Surgery is not mandatory, especially in a distal
hypospadias when the penis and urinary stream are
straight. However, it may be performed on functional
or cosmetic grounds. The ultimate functional aim of
hypospadias surgery is to allow a boy to pass urine in
a straight line whilst standing, and to have a straight
erection. Surgery, if needed, is usually performed in the
first two to three years of life. The commonest surgical
complications are breakdown of the repair or meatal
narrowing. The prepuce may be preserved and reconstructed,
although for more proximal hypospadias
it is sometimes required for the repair itself. For this
reason it is important that a boy with hypospadias is
not circumcised before the repair.

22
Q

Obesity’s effect on the penis

A

Variations in penoscrotal skin attachment and in the
infant or child’s body habitus may make the penis look
buried. This is common with obesity, when the only
treatment is weight loss, but improves with growth of
the penis after puberty. However, it may persist if there
is marked obesity.

23
Q

Vulvovaginitis

A

The commonest problem is redness of the vulva.
In infants, this is often due to a nappy rash due to
ammoniacal dermatitis. Less often, the vulvovaginitis is
infective, occasionally with Candida infection (More common when waring diapers or being immunodeficient).

24
Q

Vaginal discharge

&

Foreign bodies

A

Vaginal
discharge is common, and is usually innocuous unless
it is green or offensive when it may indicate infection.

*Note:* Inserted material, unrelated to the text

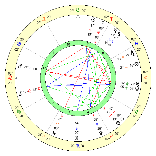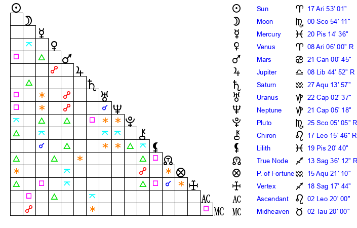 | Moon | 0 Scorpio 54 | 19 Leo 20 | 5 Capricorn 1 |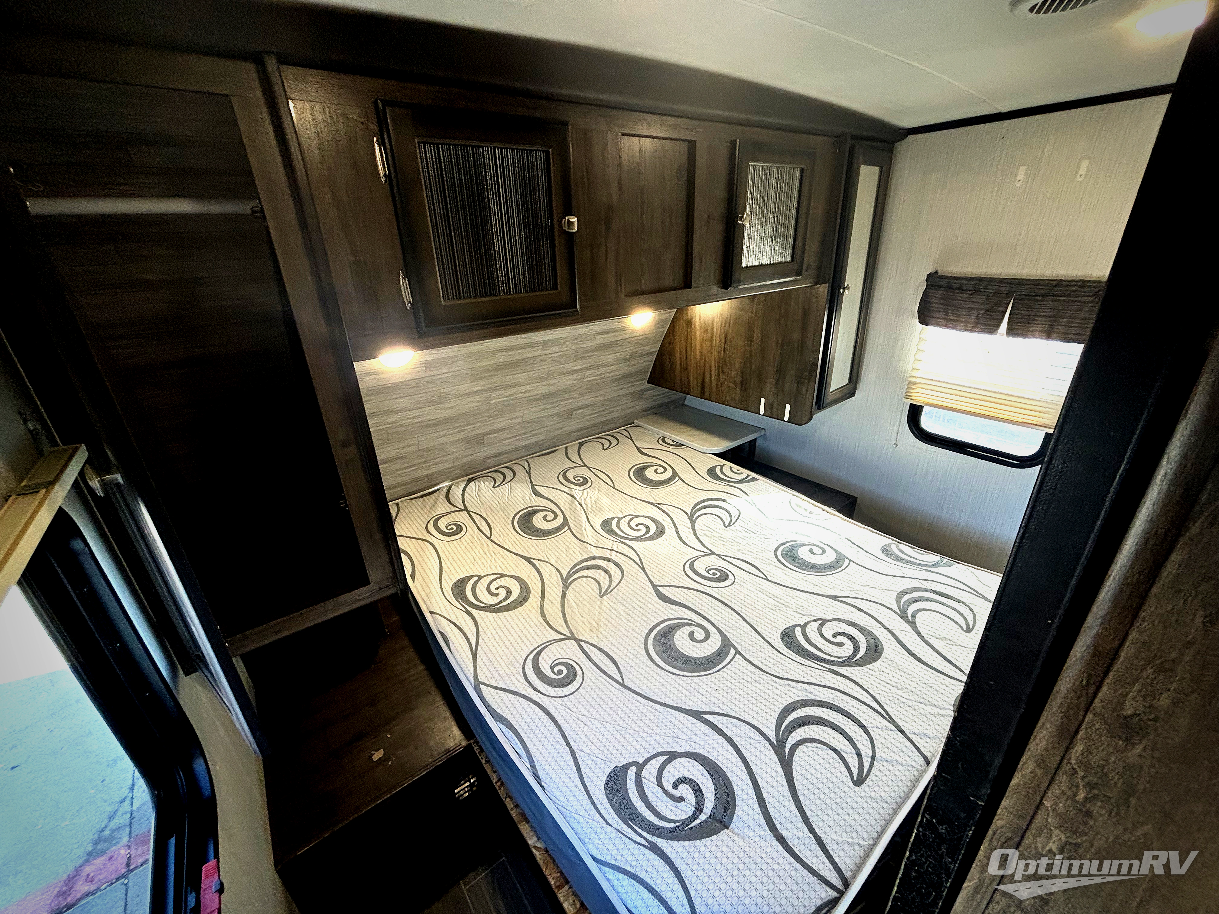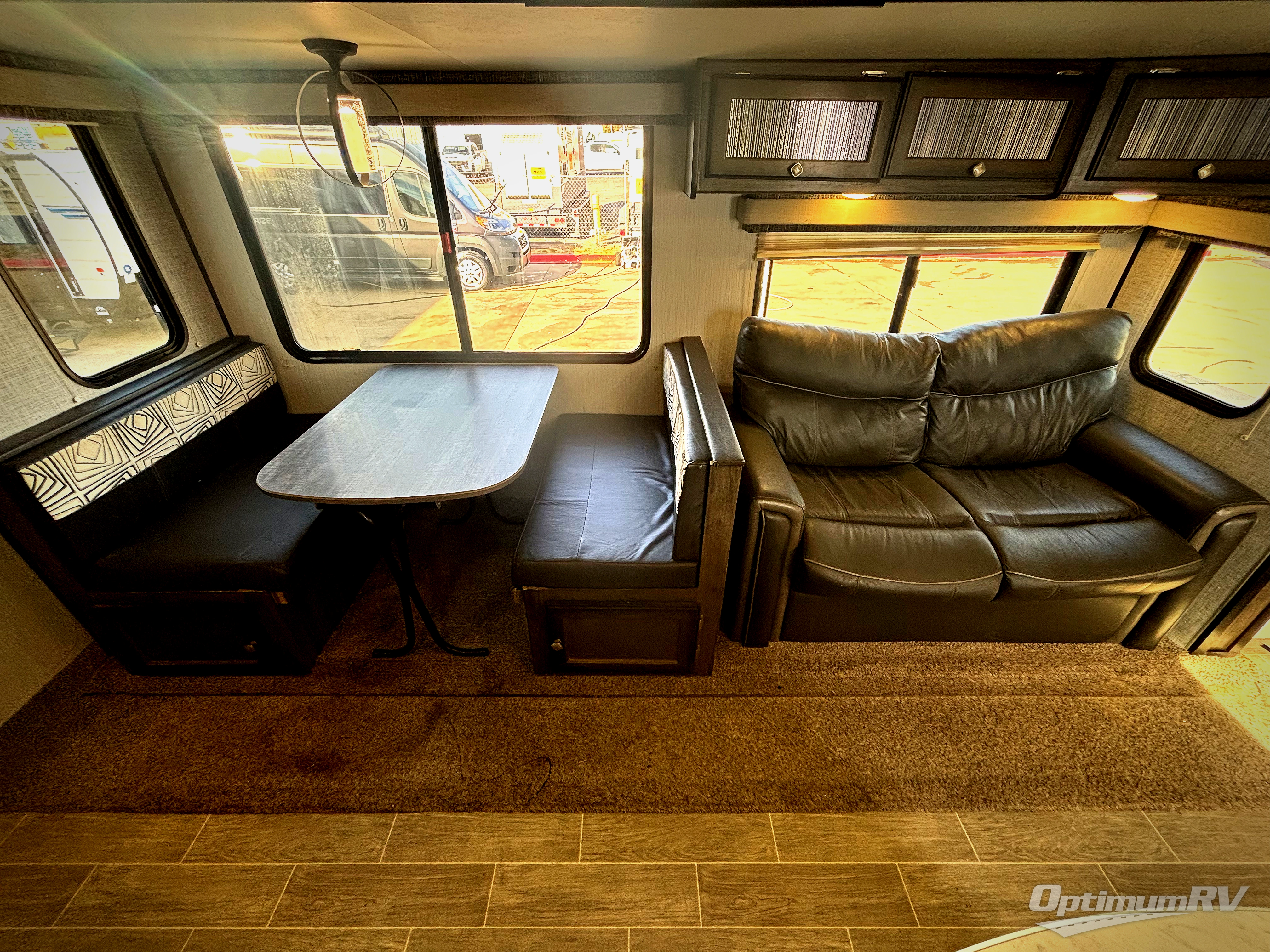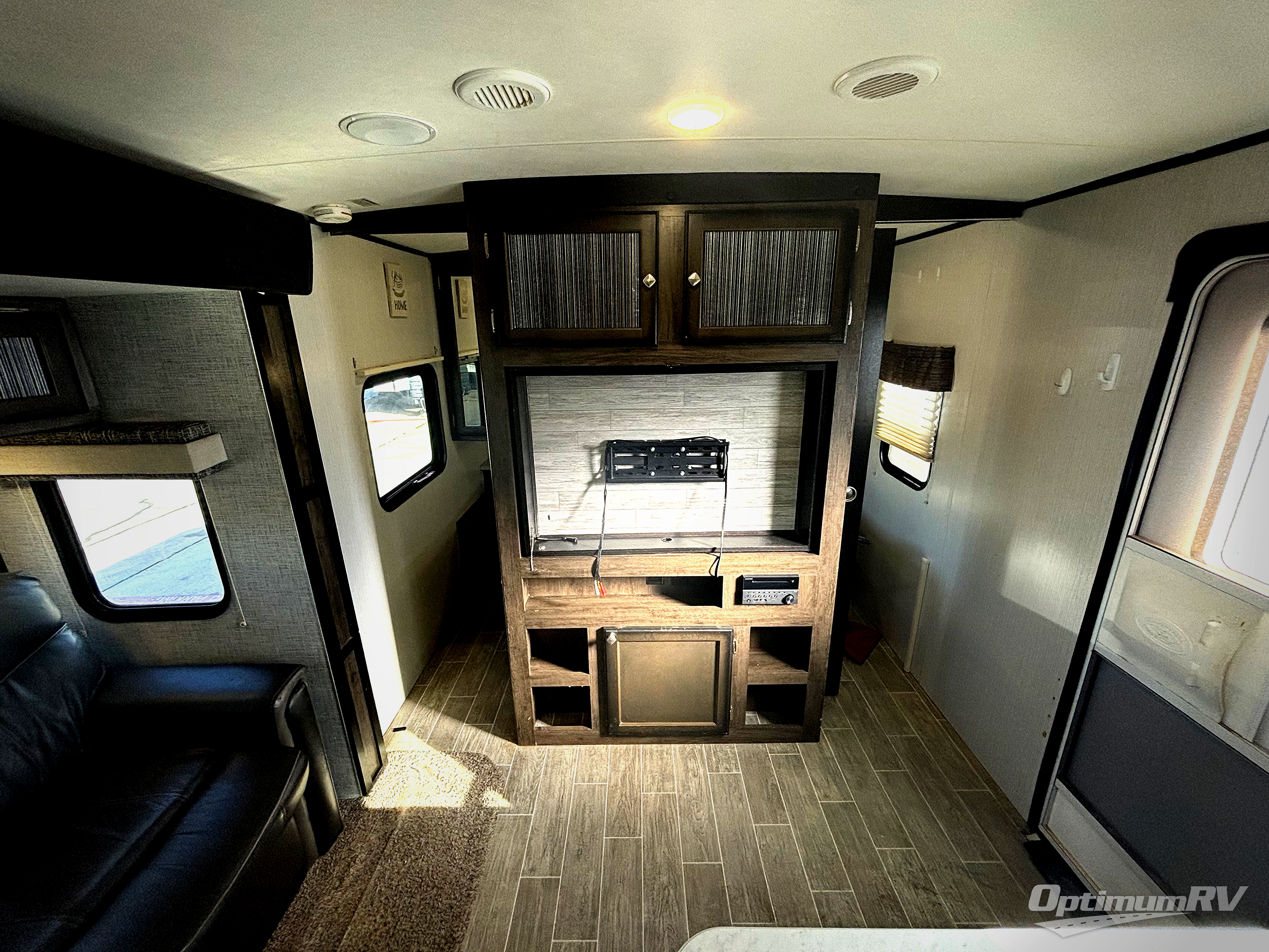 You will enjoy every camping vacation in this trailer with features such as the exterior slide cook top, and the set of double size bunk beds next to the corner full bathroom which will come in handy for any late night trips. The booth dinette is the perfect place for you to enjoy your meals at, play a game or even transform into an extra sleeping space for guests, and right next to it is the sofa. And the single slide gives everyone more floor space to move about when inside, and the power awning allows everyone to relax outdoors with some protection from the elements.

Foreign bodies are more often suspected than
found; they are actually rare. The ‘red flag’ symptom
is a bloody vaginal discharge, and needs referral to a
specialist as vaginal rhabdomyosarcoma is a rare but
important cause in preschool girls.

25
Q

Labial adhesions

Characteristic appearance
Treatment

A

Fusion of the labia minora can be a cause of local irritation
in the prepubertal girl. There is usually an adequate
orifice for the passage of urine.

The characteristic
appearance is of superficial fusion of the labia minora
with a translucent (or even slightly bluish) area of flimsy
tissue between the labia. The appearance sometimes
raises parental concern about abnormal vaginal development,
although these conditions are rare.

Unless
the labial adhesion causes significant symptoms, no
specific treatment is required. Topical corticosteroids
or oestrogens can be helpful to lyse the adhesions,
especially if it allows the underlying introital anatomy
to be seen, but readhesion is common. Examination
under anaesthesia, or formal ‘division of adhesions’
should be undertaken only exceptionally because of
the high rate of recurrence.

26
Q

Other conditions

Atresia of vagina
Imperforate Hymen
Acute abdominal pain

A

True obstruction or atresia of the vagina is rare. It may
present with primary amenorrhoea in adolescence. This might co-exist with cyclical abdominal or pelvic
pain representing obstruction to the flow of menses.
Clinical examination usually reveals the cause.

If there
is a bulging introitus that appears blue, the diagnosis
is imperforate hymen – and the treatment is hymenotomy
under anaesthesia. Absence of an imperforate
hymen represents a problem of vaginal septation,
canalization or more complex abnormality with paramesonephric
(Mullerian) duct development, and needs
further imaging (often with MRI) to plan appropriate
management.

In contrast to problems of the testes in boys,
ovarian problems tend to be more difficult to diagnose
because they are intra-abdominal. An ovarian cause
for symptoms should be considered in a girl who
presents with acute abdominal pain (from ovarian cyst
or torsion) or a mass (cyst or tumour).